PROBLEM TO SOLVE — Transcribe only the lines in the data below falling between the line with "Mix the wet" and the line with "Size: Pendant Height", including those two lines, and leave out any picture.

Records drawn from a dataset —
-- Opening Marker --

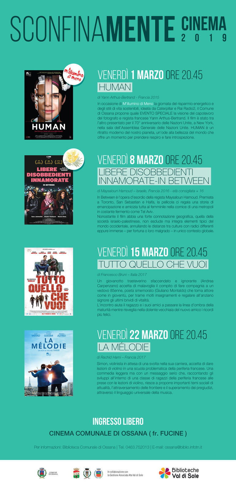 Terzo film di SconfinaMente cinema: marzo 2019, la cinerassegna promossa dal Comune di Ossana in collaborazione con i comuni di Peio, Vermiglio, Pellizzano e le Biblioteche Val di Sole.
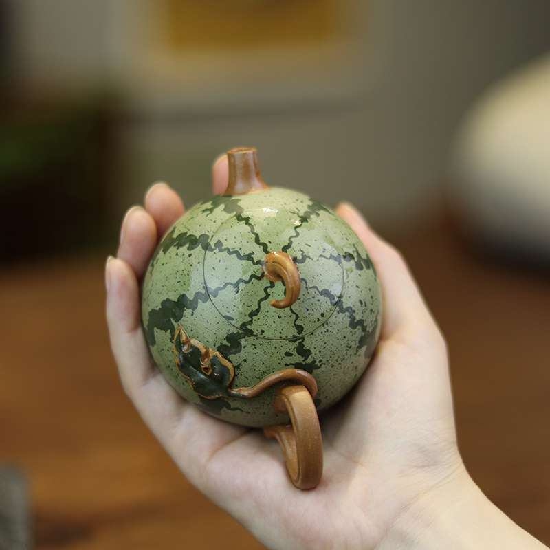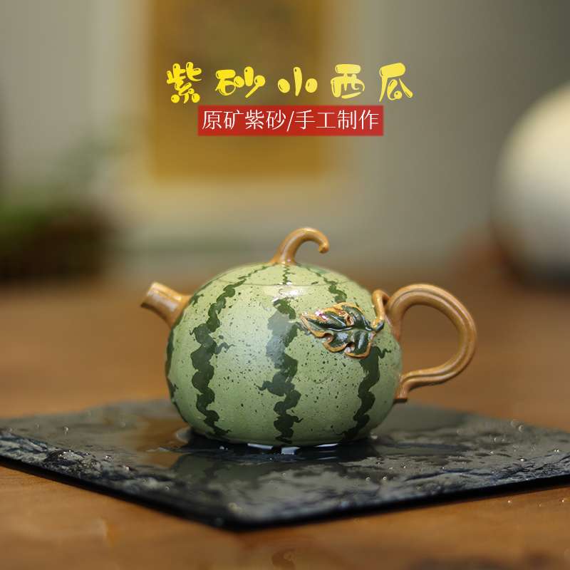 亦合紫砂西瓜壶花器茶壶手工原矿可养 仿生小品泡茶壶薄胎套装
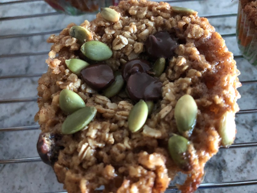 Mix the wet ingredients together. Stir in the rest of the ingredients and let it sit for 20 minutes before baking. There is no flour in this recipe, and this rest period allows the oats to hydrate. Preheat the oven to 350 degrees F. Scoop the mixture into muffin cup liners. Top each one with a few chocolate chip and pumpkin seeds. Don’t go crazy adding things to the top as it will make it difficult for the muffin to rise. Bake for 30 minutes.
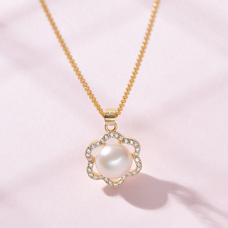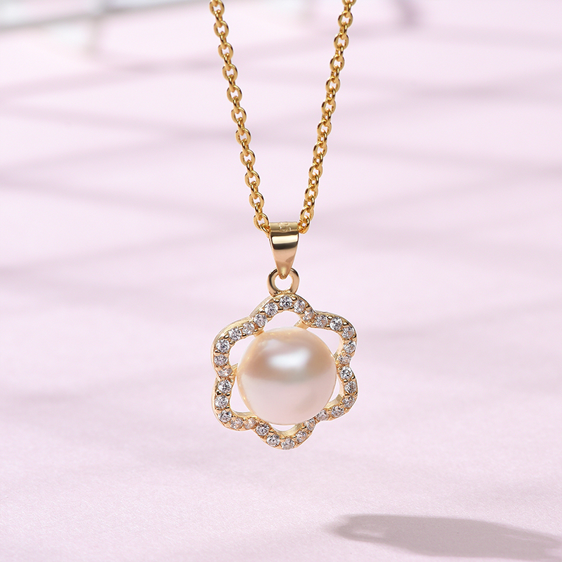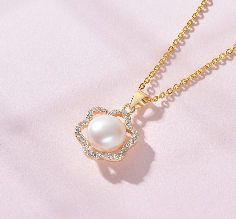 Size: Pendant Height about 2.0cm, width about 1.3cm, pearl size 8-9mm; chain length 40+5cm
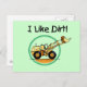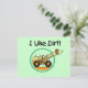 Cargador frontal amarillo y texto que dice "¡Me gusta la suciedad!" en el diseño de la construcción de camisetas, tazas, tarjetas, carteras, trajes para el cuerpo, cadenas de claves, bolsas de tote y otras prendas y regalos para cargadores frontales.
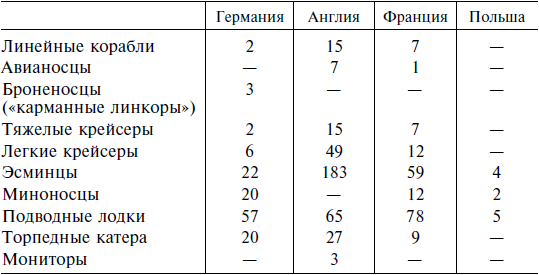 В начале войны положение германских кригсмарине (ВМС) было далеко не блестящим. Британские военно-морские силы превосходили германские по тоннажу в семь раз, французские ВМС были по тому же показателю сильнее кригсмарине в три раза. Польские военно-морские силы уступали германским, но их вообще вряд ли стоило принимать во внимание. К этому следует добавить существенный potential de guerre[6] – в немецком языке нет столь меткого слова – Британской империи. Оно выражает общую способность страны к ведению войны, ее благоприятное или неблагоприятное географическое положение, объем промышленного производства и природные богатства, численность народа этой страны и силу его духа, способность этого народа давать своей стране солдат и организаторов, рабочих и деятелей науки, а также ограниченность или неограниченность стратегического сырья, обеспечение населения и армии продовольствием и многое другое.

-- Closing Marker --

TASK RESPONSE —
 Mix the wet ingredients together. Stir in the rest of the ingredients and let it sit for 20 minutes before baking. There is no flour in this recipe, and this rest period allows the oats to hydrate. Preheat the oven to 350 degrees F. Scoop the mixture into muffin cup liners. Top each one with a few chocolate chip and pumpkin seeds. Don’t go crazy adding things to the top as it will make it difficult for the muffin to rise. Bake for 30 minutes.
 Size: Pendant Height about 2.0cm, width about 1.3cm, pearl size 8-9mm; chain length 40+5cm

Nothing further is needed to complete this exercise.